Published 2026-07-09
Keywords
- Crop,
- Dwarf Wheat,
- Plant-Breeding
How to Cite
Abstract
Dr. M. S. Swaminathan was an Indian geneticist, agricultural scientist and an international administrator. He is renowned for his leading role in the Green Revolution in India, which caused a substantial increase in wheat and rice production, making India self-sufficient in food grains. He served as the Director General of the Indian Council of Agricultural Research and Principal Secretary of the Ministry of Agriculture and Irrigation. In this article, Dr. Swaminathan provides a detailed account about the significant research findings in India in the 60s in the improvement of crop varieties, especially with the development and success of the Dwarf Wheat variety in India.

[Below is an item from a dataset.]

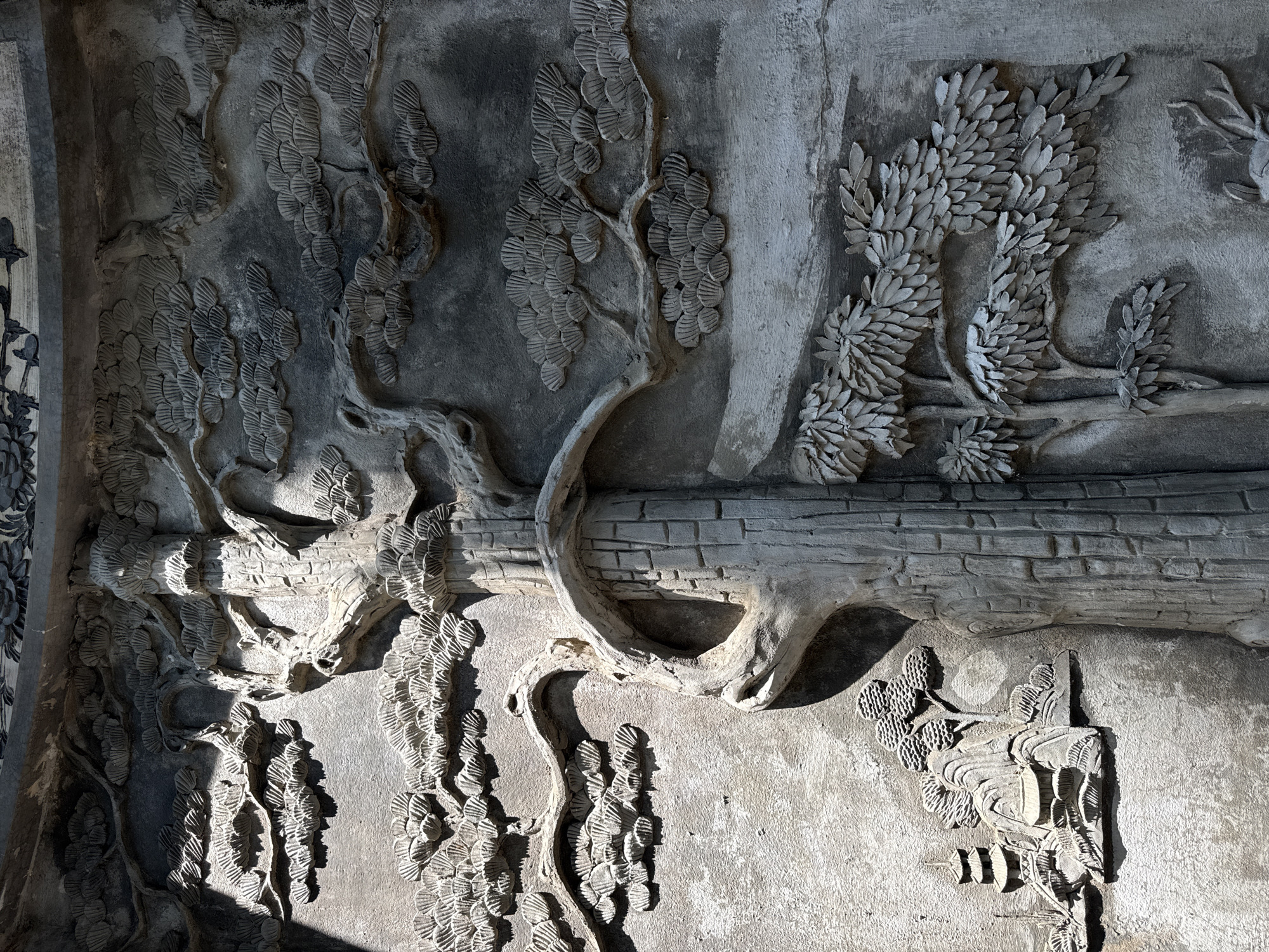A detailed, weathered bas-relief carving on a gray stone or concrete wall is depicted, located within the Marble Mountains complex in Đà Nẵng, Vietnam. The central feature is a large, gnarled tree, resembling a pine or cypress, exhibiting a textured trunk and dense, fan-shaped foliage rendered in high relief. To the left of the main tree, a smaller, recessed landscape scene features stylized mountains, a multi-tiered pagoda, and smaller trees. The lower right section of the carving includes additional foliage and the partial depiction of an animal, identifiable by antlers and a head consistent with a deer. The entire carving displays signs of age and weathering. Strong, directional sunlight from the upper left casts deep shadows, accentuating the three-dimensional qualities and intricate details of the relief. No individuals are present in the scene.

The article takes us through a journey of how scientific wheat improvement started in the Indian Agricultural Research Institute (IARI) and led to the development of wheat variety with greater yield and resistance to diseases. It discusses how the discovery of genes which confer a dwarf and non-lodging plant habit in Japan opened the door to the reconstruction of the morphology of the wheat plant. The article elaborates how these varieties were tested in all the wheat growing states of India during 1963–64 and 1964–65, under the All-India Coordinated Wheat Improvement Project and how these varieties were subjected to detailed physiological, pathological, chemical and agronomic tests at the IARI. A brief descriptions of the newly developed strains that were successfully used during that time have also been provided in the article.